John and Tracy look from their high-rise balcony, which is 80m above
the ground, to a swimming pool below- not exactly below, but rather
20m out from the bottom of their building.  they wonder how fast would
they have to jump horizontally to succeed in reaching the pool.  What
is the answer?

this is actually relatively simple to calculate using the equation
s=VoT+1/2aT^2
where s is the distance and Vo is intial velocity, T is time and a is
acelleration due to gravity
plug in 80m and 0 for intial velocity and -9.8m/s^2 for acceleration
and solve for time
T=4.04seconds
then use s=VT
to solve for velocity using 20m for distance and 4.04 for time and solve
V=4.95m/s

HW question, right?
Gregorious answer is basically correct except for 1 typo (-80 instead
of 80 below), but you may not be able to follow his solution fully.
Here's some clarifications to make Gregorious answer clearer. The
changes are in BOLD to help you understand.

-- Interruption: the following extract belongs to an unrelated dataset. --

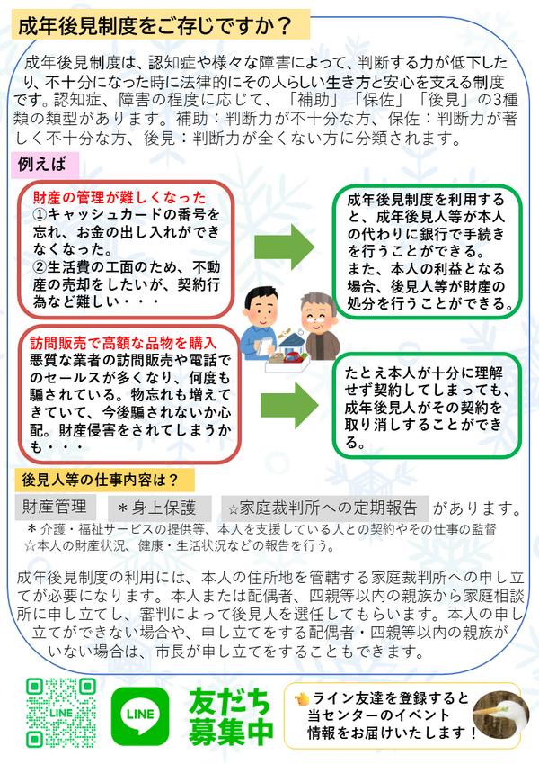 カテゴリー 認知症関連 (0) イベントお知らせ (0) 通信お知らせ (2) その他 (0) 2026/01/15 加住ぽかぽか通信 冬号を発行いたしました 定期発行している「加住ぽかぽか通信」冬号を発行いたしました。本年も住民の皆さまが安心して過ごすことができるよう尽力してまいります。よろしくお願いいたします。 1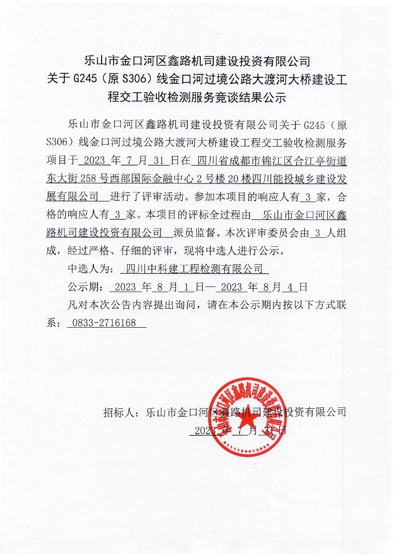 关于G245(原306)线金口河过境公路大渡河大桥建设工程交工验收检测竞谈结果公示

this is actually relatively simple to calculate using the equation
s=VoT+1/2aT^2
where s is the VERTICAL distance and Vo is intial VERTICAL velocity, T
is time and a is acelleration due to gravity
plug in -80m and 0 for s AND intial VERTICAL velocity and -9.8m/s^2
for acceleration
and solve for time
T=4.04seconds
then use s=VT WHERE S IS THE HORIZONTAL DISTANCE AND V IS THE
HORIZONTAL VELOCITY to solve for THE HORIZONTAL velocity using 20m for
HORIZONTAL distance and 4.04 for time and solve
V=4.95m/s (HORIZONTAL VELOCITY)